> Work order
Starting at the line where "Brązowa Prosta Midi" occurs, reproduce each line through the end of the entries below exactly. Omit every picture.

------

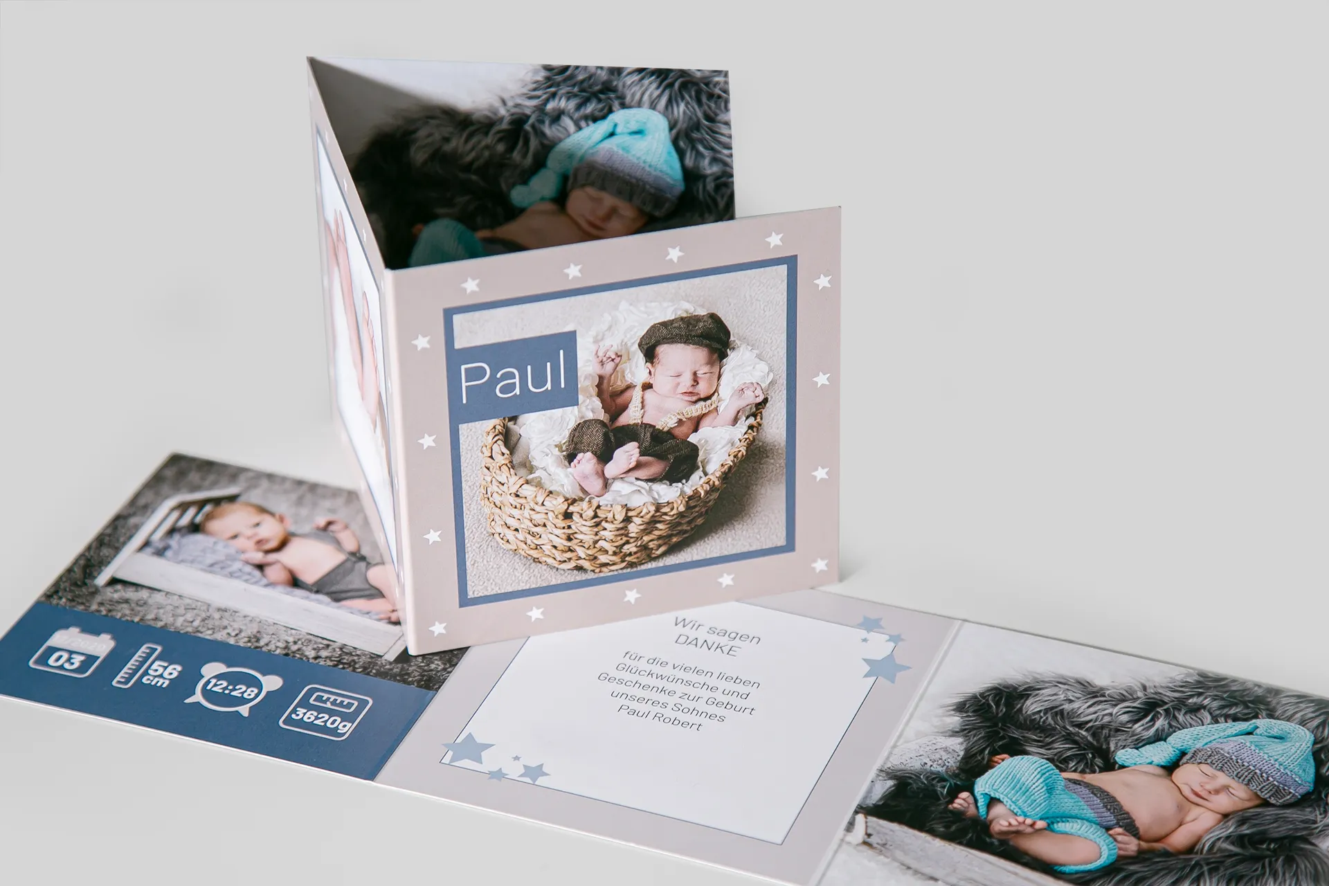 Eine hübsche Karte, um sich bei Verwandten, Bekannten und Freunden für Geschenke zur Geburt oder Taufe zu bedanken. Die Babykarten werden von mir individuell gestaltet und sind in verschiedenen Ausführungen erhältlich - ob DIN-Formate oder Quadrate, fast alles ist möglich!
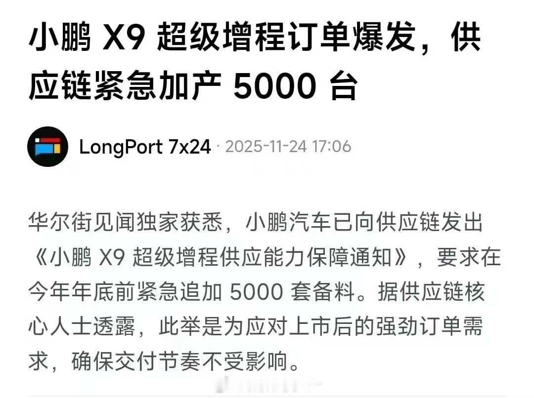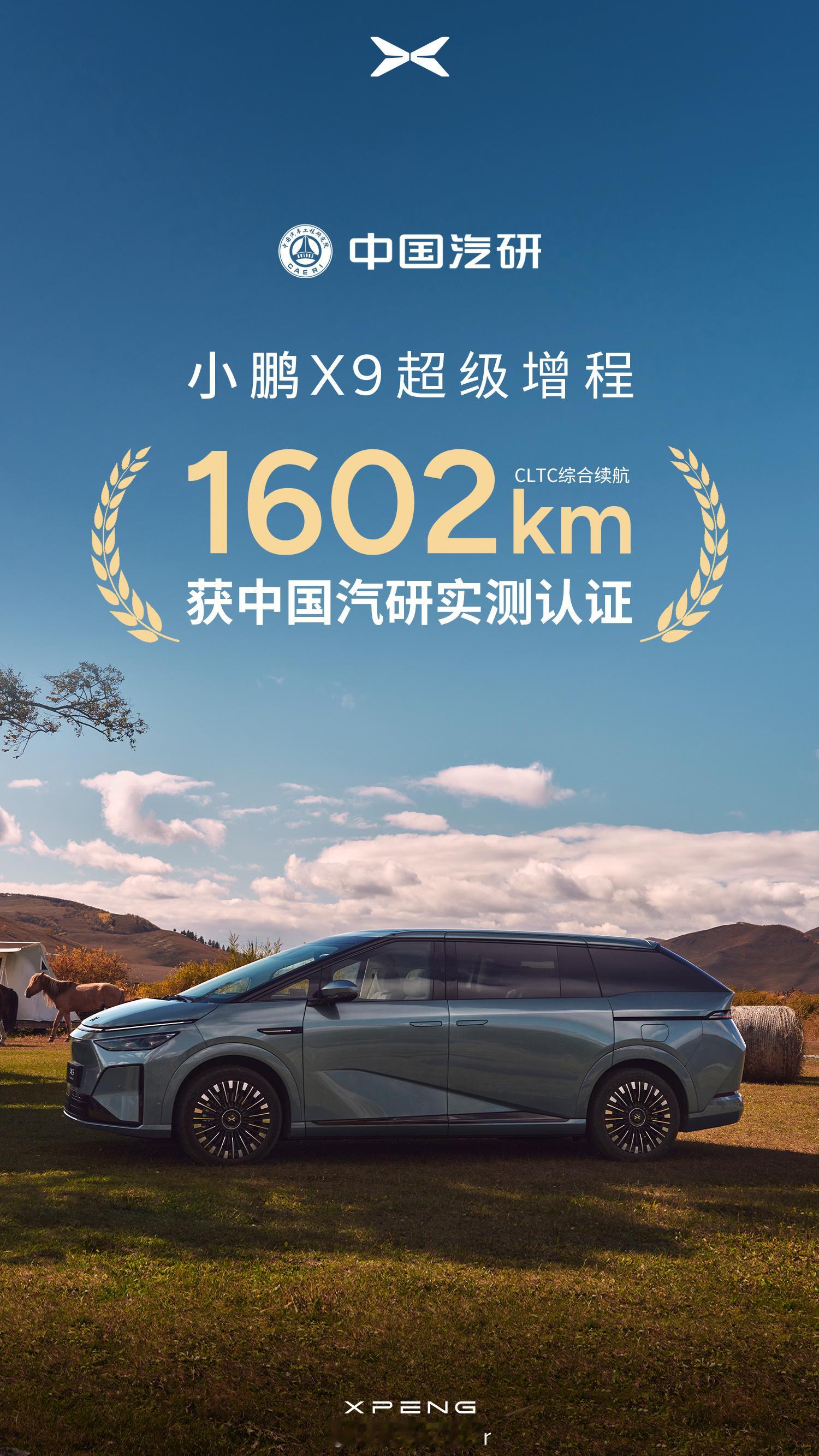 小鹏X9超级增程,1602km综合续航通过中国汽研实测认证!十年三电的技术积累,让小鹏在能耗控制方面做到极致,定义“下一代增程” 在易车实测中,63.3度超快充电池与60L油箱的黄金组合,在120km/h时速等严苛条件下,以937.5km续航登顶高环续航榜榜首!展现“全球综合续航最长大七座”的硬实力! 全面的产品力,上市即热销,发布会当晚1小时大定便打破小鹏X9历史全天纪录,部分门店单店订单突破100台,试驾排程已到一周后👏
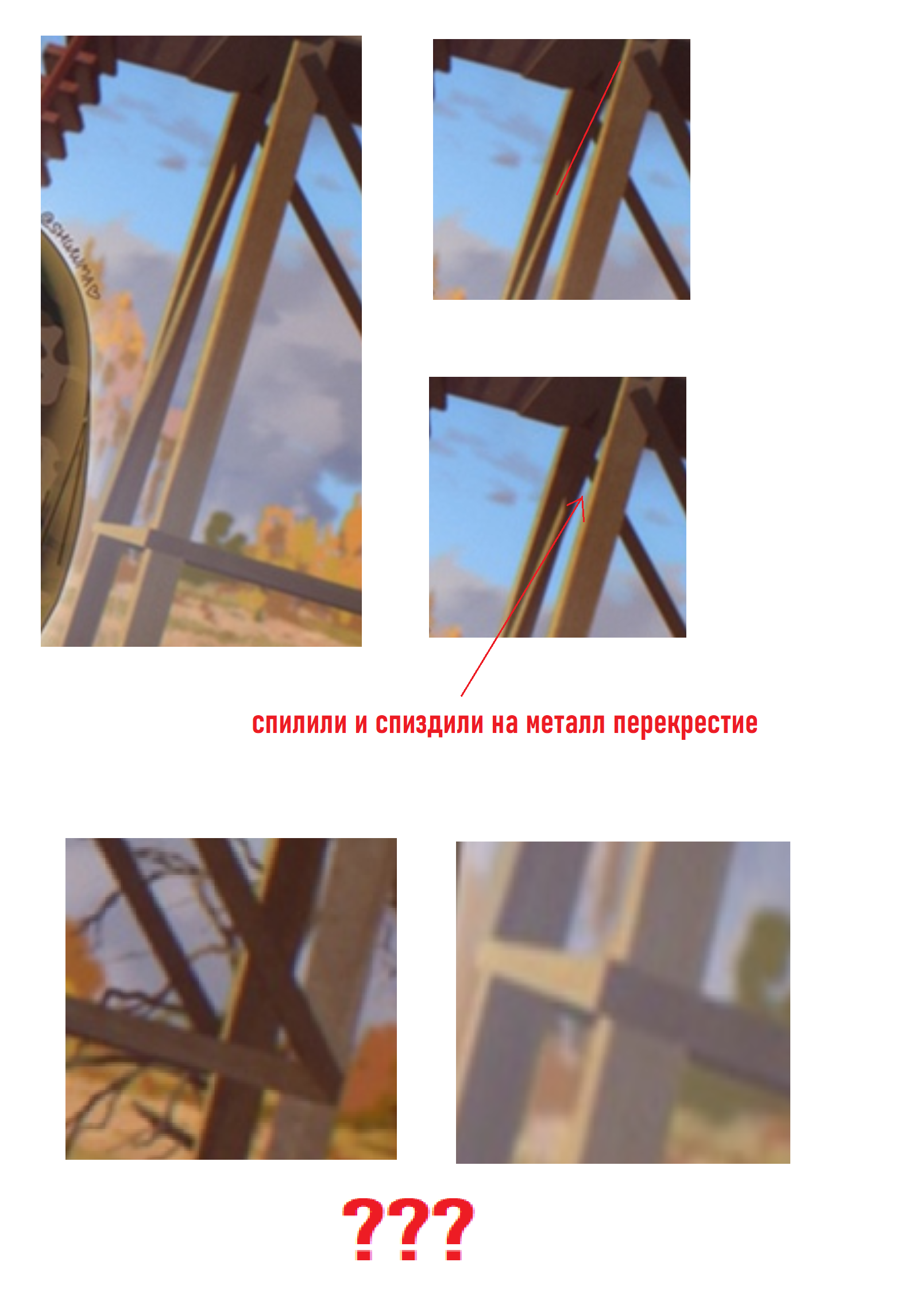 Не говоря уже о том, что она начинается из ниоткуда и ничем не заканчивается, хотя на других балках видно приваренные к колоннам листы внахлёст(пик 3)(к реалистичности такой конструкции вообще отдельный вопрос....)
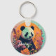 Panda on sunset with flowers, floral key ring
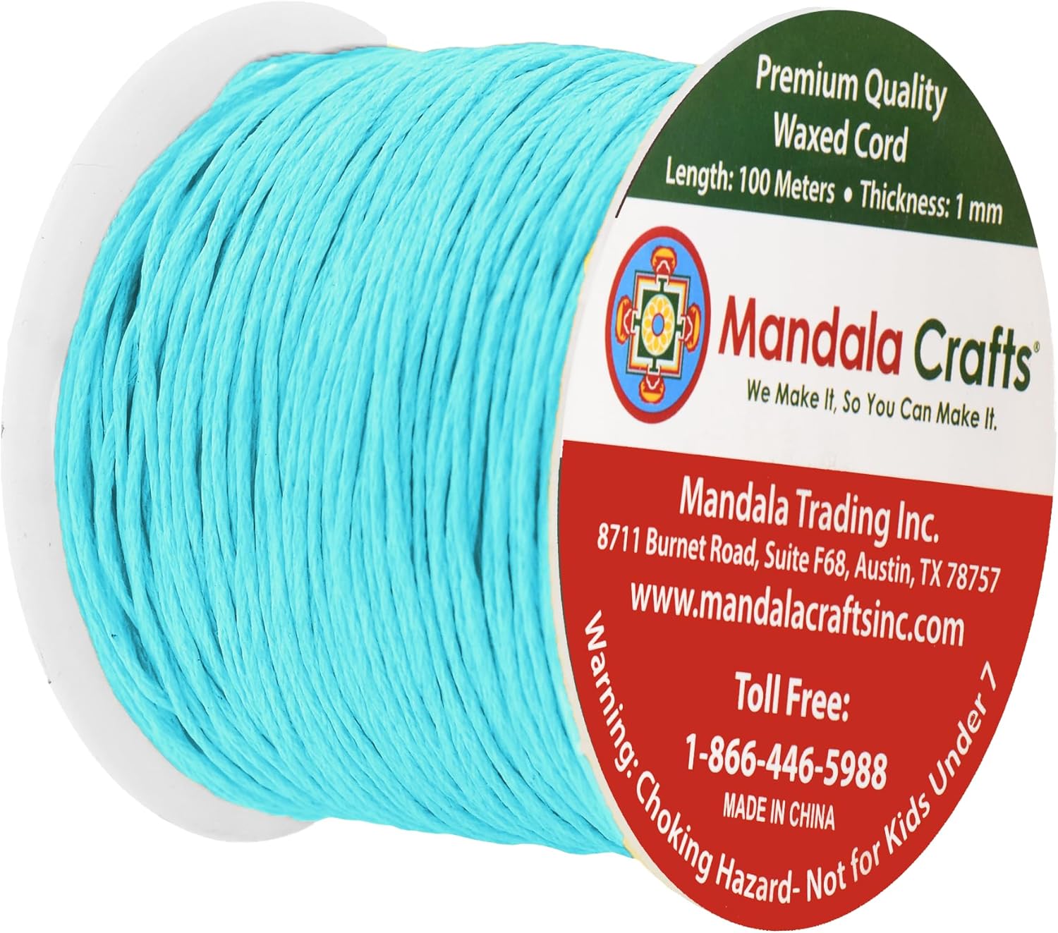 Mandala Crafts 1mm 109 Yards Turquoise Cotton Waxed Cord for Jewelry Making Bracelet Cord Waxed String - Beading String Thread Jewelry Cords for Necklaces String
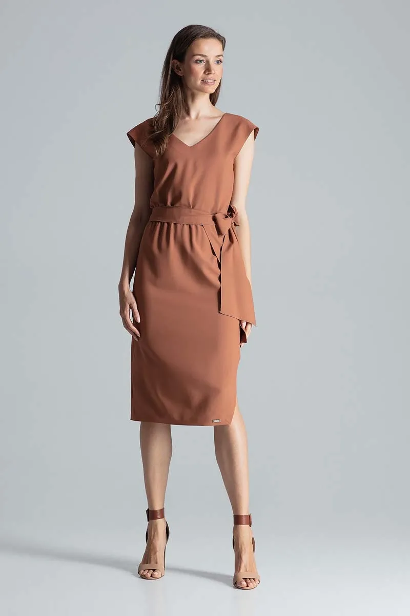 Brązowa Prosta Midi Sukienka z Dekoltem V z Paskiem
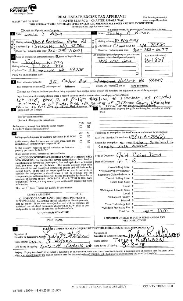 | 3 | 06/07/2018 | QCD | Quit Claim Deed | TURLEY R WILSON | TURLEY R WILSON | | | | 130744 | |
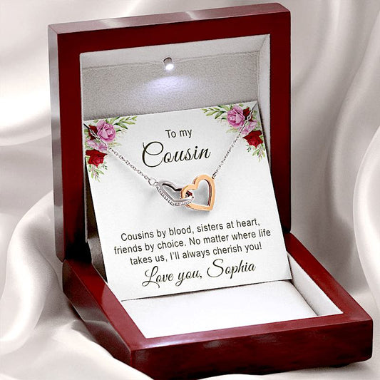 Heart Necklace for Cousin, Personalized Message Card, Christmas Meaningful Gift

------

> Response to the exercise
 Brązowa Prosta Midi Sukienka z Dekoltem V z Paskiem
 | 3 | 06/07/2018 | QCD | Quit Claim Deed | TURLEY R WILSON | TURLEY R WILSON | | | | 130744 | |
 Heart Necklace for Cousin, Personalized Message Card, Christmas Meaningful Gift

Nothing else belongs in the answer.